Secrets to Super Simple Meals 


Baco Flatbread

3 Mins read

How could you not want something described as a “gyro-pizza-taco”?

When I read the LA Times piece about the baco last year, I made a mental note and a digital bookmark to come back to it. Since then, the chef who invented the baco, Josef Centeno,  has opened another restaurant in LA, and the baco is back in the press. Though I haven’t made it yet to the Lazy Ox Canteen for an official baco, I baked up some of Centeno’s signature flatbread and created some sandwiches of my own. (For something fun to do, read the Lazy Ox menu.)

From what I’ve read, there are two things that make a baco a baco. First is the bread. Like my naan recipe, this flatbread calls for plain yogurt. What’s different is the addition of lime juice, ginger, garlic and dried lavender. Second is the mix of sauces and international influences:

  • In addition to the original baco, now made with pork belly and red wine-braised paleron (pot roast), Centeno makes four variations. The vegetarian baco centers on crisp Japanese eggplant; lamb sausage baco has croquettes made from potato and morcilla (a Spanish blood sausage) and caraway-pepper sauce; the el pollo baco features chicken escabeche (marinated chicken) radicchio and zhoug, a spicy chile sauce from Yemen; and the pesco baco is a tasty composition of panko-crusted albacore, pickled onion, and four (count them) different sauces. (From the LA Times)

After I made the bread, we did a Mexican-spiced chicken with fresh tomato-avocado salsa, the ginger-lime-lavender yogurt mixture, and a smoky homemade chili sauce. Another afternoon I filled one with a mixture of chicken, pork and sausage in a sweet Vietnamese sauce, along with lettuce, cucumber and tomato in a Persian yogurt-based dressing, and the spicy chili sauce — basically whatever leftovers I found in the fridge.
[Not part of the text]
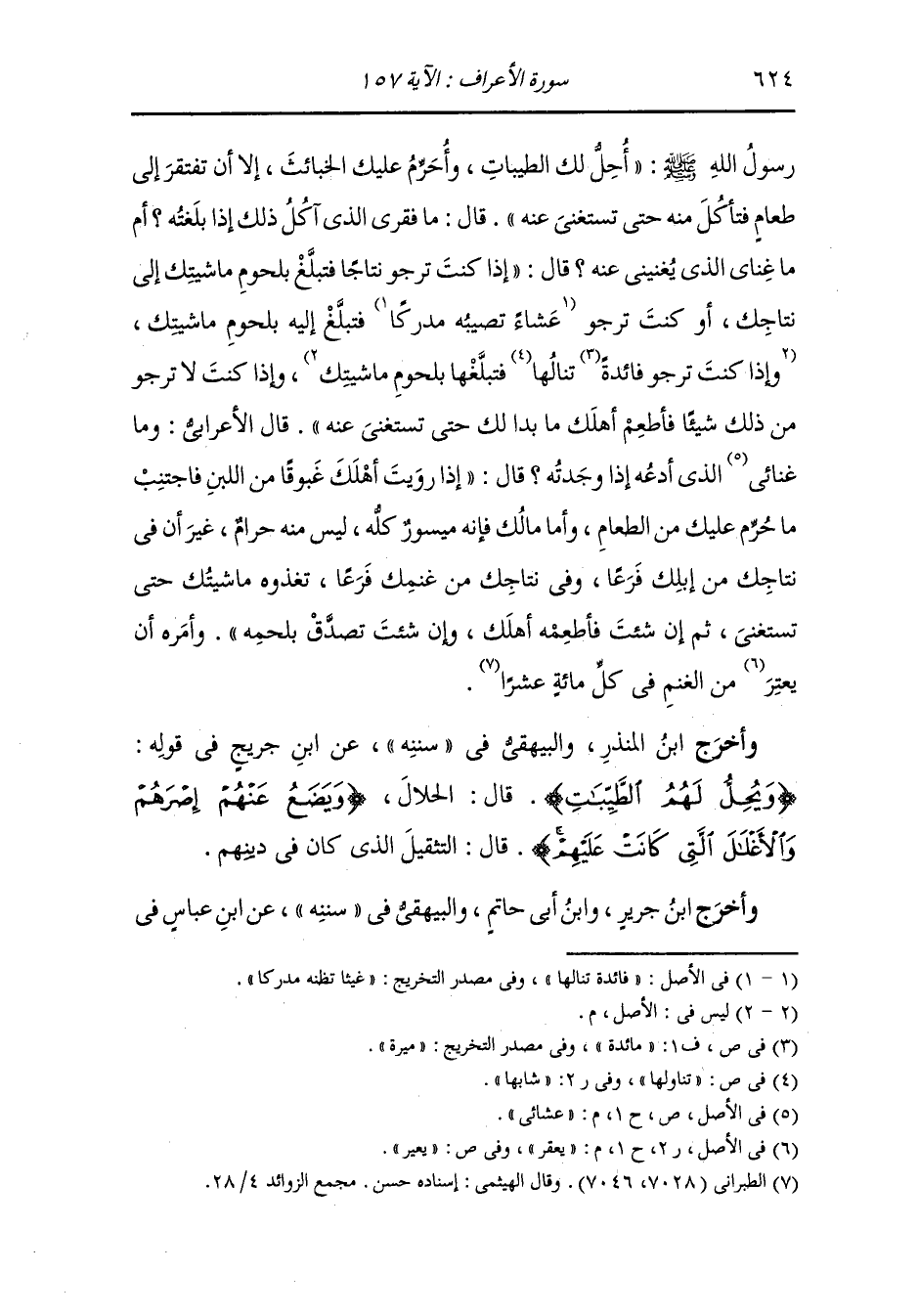 وأخرج ابن المنذر والبيهقي في "سُنَنِه" عن ابن جريج في قوله {ويحل لهم الطيبات} قال : الحلال {ويضع عنهم إصرهم والأغلال التي كانت عليهم} قال : الثقيل الذي كان في دينهم.

So now that you have the flatbread recipe, what will you put in your baco?

Baco Flatbread By Josef Centeno via the Los Angeles Times. Note, this makes more of the yogurt mixture than you’ll need for the dough, but it’s a great sauce to put on any baco, so  you’ll be happy to have it. Makes 10 flatbreads.

  • 1 cup plain Greek yogurt
  • juice of 1/2 lime
  • 1 1/2 teaspoons dried culinary lavender (I had lavender salt, so I used some of that and didn’t add the kosher salt)
  • 1 clove garlic, minced
  • 1 1/2 teaspoons minced fresh ginger
  • kosher salt
  • 1 1/2 teaspoons dry yeast
  • 1 1/2 teaspoons sugar
  • 6 tablespoons olive oil
  • 3 cups flour

In a nonreactive bowl, mix the yogurt, lime juice, lavender, garlic and ginger. Season with 1/2 teaspoon salt, or to taste. Set aside.
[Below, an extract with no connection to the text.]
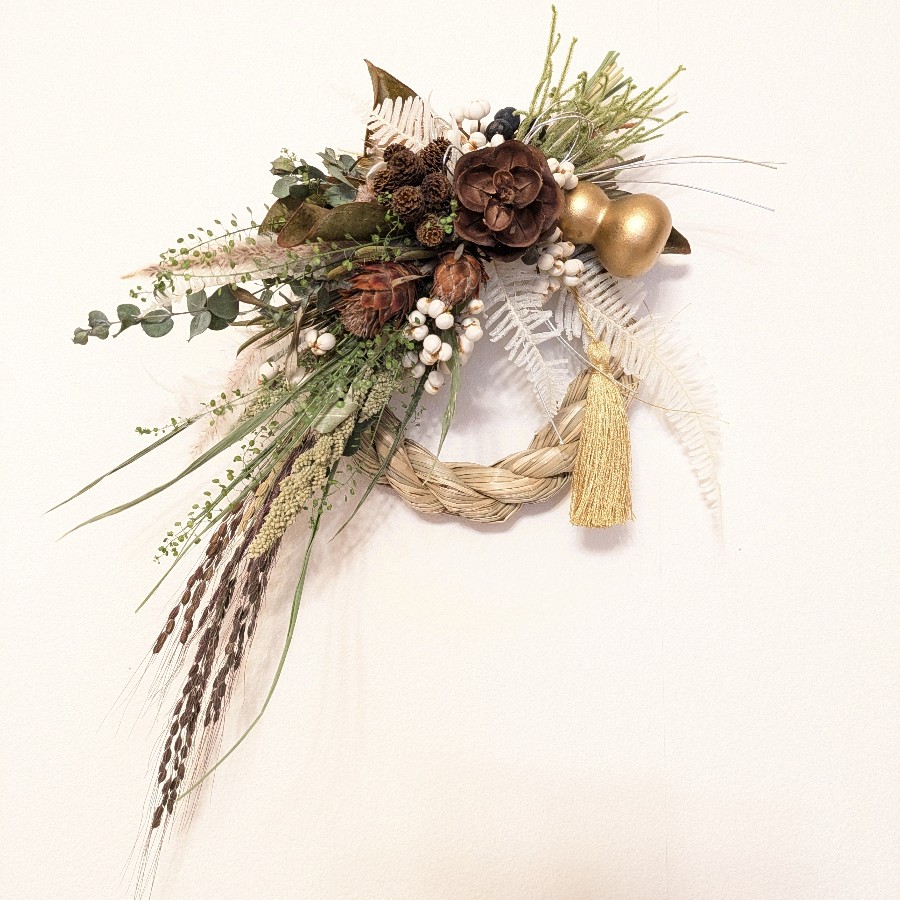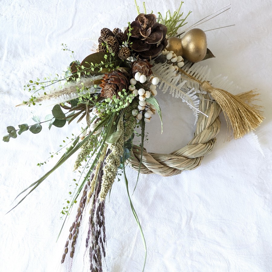 お花のような松ぼっくりを中心に、古代米やアワを流れるように束ねました。

In a large bowl, combine the yeast with 1 cup warm water and the sugar. Cover and allow to sit for 10 minutes, or until frothy. Separately, mix the olive oil with 3 tablespoons of the yogurt mixture.

Stir half of the flour into the yeast mixture, then add the yogurt mixture. Stir in the rest of the flour and the 1 teaspoon salt, and knead for 10 minutes, or until the dough is elastic. Place the dough in an oiled bowl, loosely cover and allow to rise in a warm area until doubled in size, about 1 1/2 hours.

Punch down the dough and knead for another 10 minutes. Divide the dough into 10 equal portions; roll out each into an oval a little over 8 inches long and 4 inches wide. If the dough contracts while rolling, let it rest while you roll out another piece, then come back to it (it will relax and roll more easily).

Heat a seasoned cast-iron griddle or frying pan over medium-high heat. Oil the surface lightly with canola oil and grill the dough, one or two pieces at a time, until each is puffed and golden-brown on the bottom, 30 seconds. Flip the bread over and grill the second side for 30 seconds, until golden-brown. The bread will be soft, not crispy. Keep warm until ready to serve. (You also can rewarm the bread in a 400-degree oven for 1 to 2 minutes.)

Top with meat, vegetables and a mix of sauces. Fold and eat like a gyro-pizza-taco. Have a fork and several napkins ready.

(Since we were only feeding 3 people the first night, we made 3 breads, then par-cooked the rest of them just so they started to turn golden. When they cooled, we put them in a large Ziploc and they kept nicely for another two days. All we had to do was put them on a hot cast-iron for a bit before serving.)